Illumina_NextSeq_Run dies immediately
Hi Mike,
I am trying to run some Illumina NextSeq samples, but I am failing immediately during primer removal with this error:
Error executing rule remove_5prime_primer on cluster (jobid: 254, external: Submitted batch job 37022315, jobscript: /scratch/sahlab/N812_TruSeqNano/.snakemake/tm p.78wklvoy/snakejob.remove_5prime_primer.254.sh).
java -ea -Xmx15200m -Xms15200m -cp /opt/apps/labs/sahlab/software/miniconda3/envs/hecatomb_v5/snakemake/workflow/conda/75d063ee1aa3bf1dbaf0307c4aa3f5ec/opt/bbmap-38.90-3/current/ jgi.BBDuk in=/scratch/sahlab/N812_TruSeqNano/fastq/WangD_I10209_cell_cutlure_32_14585_E09_UDI0069_GCCACAGGAT_ATGGCATG_S10_R1_001.fastq.gz in2=/scratch/sahlab/N812_TruSeqNano/fastq/WangD_I10209_cell_cutlure_32_14585_E09_UDI0069_GCCACAGGAT_ATGGCATG_S10_R2_001.fastq.gz ref=/opt/apps/labs/sahlab/software/miniconda3/envs/hecatomb_v5/snakemake/workflow/../../databases/contaminants/primerB.fa out=hecatomb_out/PROCESSING/TMP/p01/I10209_cell cutlure_32_14585_R1.s1.out.fastq out2=hecatomb_out/PROCESSING/TMP/p01/I10209_cell cutlure_32_14585_R2.s1.out.fastq stats=hecatomb_out/PROCESSING/STATS/p01/I10209_cell cutlure_32_14585.s1.stats.tsv k=16 hdist=1 mink=11 ktrim=l restrictleft=20 removeifeitherbad=f trimpolya=10 ordered=t rcomp=f ow=t threads=8 -Xmx15200m cutlure_32_14585.log Executing jgi.BBDuk [in=/scratch/sahlab/N812_TruSeqNano/fastq/WangD_I10209_cell_cutlure_32_14585_E09_UDI0069_GCCACAGGAT_ATGGCATG_S10_R1_001.fastq.gz, in2=/scratch/sahlab/N812_TruSeqNano/fastq/WangD_I10209_cell_cutlure_32_14585_E09_UDI0069_GCCACAGGAT_ATGGCATG_S10_R2_001.fastq.gz, ref=/opt/apps/labs/sahlab/software/miniconda3/envs/hecatomb_v5/snakemake/workflow/../../databases/contaminants/primerB.fa, out=hecatomb_out/PROCESSING/TMP/p01/I10209_cell, cutlure_32_14585_R1.s1.out.fastq, out2=hecatomb_out/PROCESSING/TMP/p01/I10209_cell, cutlure_32_14585_R2.s1.out.fastq, stats=hecatomb_out/PROCESSING/STATS/p01/I10209_cell, cutlure_32_14585.s1.stats.tsv, k=16, hdist=1, mink=11, ktrim=l, restrictleft=20, removeifeitherbad=f, trimpolya=10, ordered=t, rcomp=f, ow=t, threads=8, -Xmx15200m, cutlure_32_14585.log] Version 38.90
Exception in thread "main" java.lang.RuntimeException: Unknown parameter cutlure_32_14585_R1.s1.out.fastq
at jgi.BBDuk.
Is there an adjustment or flag for NextSeq data?
I found the problem:
When you specify a TSV file, e.g. hecatomb run --reads samples.tsv, Hecatomb expects a 3-column tab separated file with the first column specifying the sample name, and the other columns the relative or full paths to the forward and reverse read files. e.g.
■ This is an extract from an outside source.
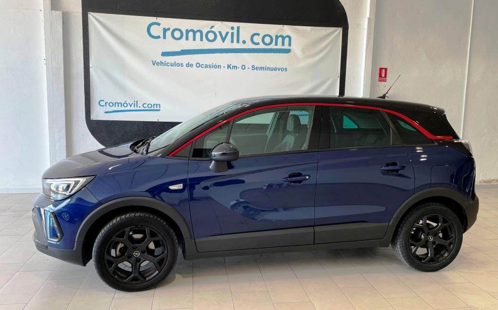 El Opel Crossland GS Line 1.2 T 110CV destaca por su diseño deportivo, acabados en negro brillante y techo en contraste que le dan un carácter único. Su motor turbo ofrece 110CV de potencia con un consumo eficiente, ideal para ciudad y carretera. Incorpora tecnología avanzada como pantalla táctil, cámara trasera y asistentes de conducción, ofreciendo seguridad, confort y estilo en un SUV compacto y versátil.
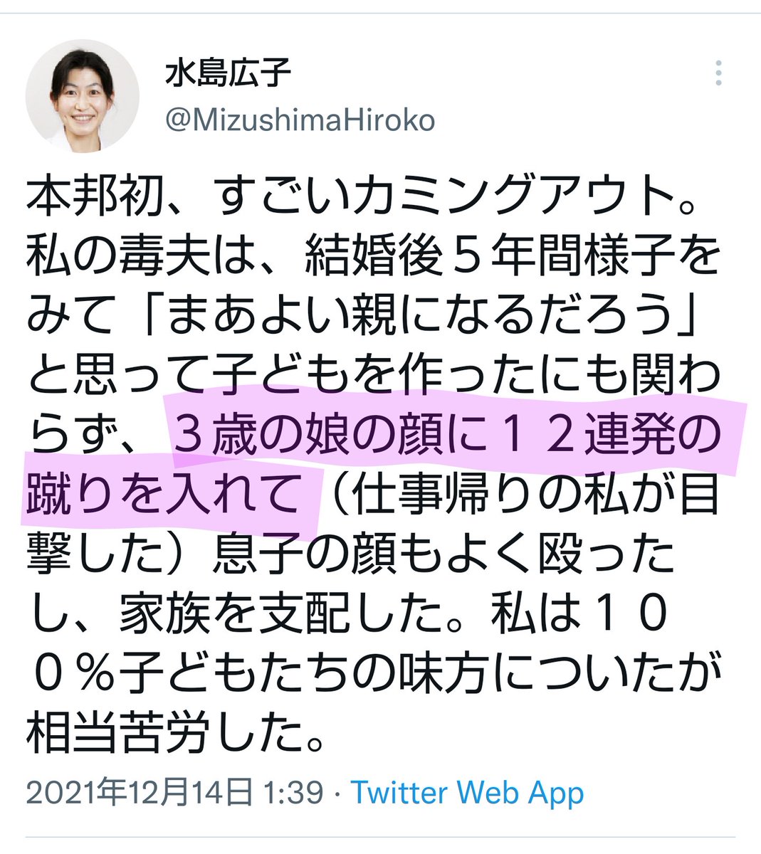 女さん「私が帰ると、そこには娘に12発目の蹴りを入れる夫の姿がありました。12を見たのです」

sample1 /path/to/reads/sample1.1.fastq.gz /path/to/reads/sample1.2.fastq.gz sample2 /path/to/reads/sample2.1.fastq.gz /path/to/reads/sample2.2.fastq.gz
I inadvertently had a space in the sample name sample 1
Might be worth adding to docs, "If you specify a TSV file and Hecatomb fails immediately, check your TSV file for spaces"
Actually, I should add a check for spaces in file names when reading from a TSV.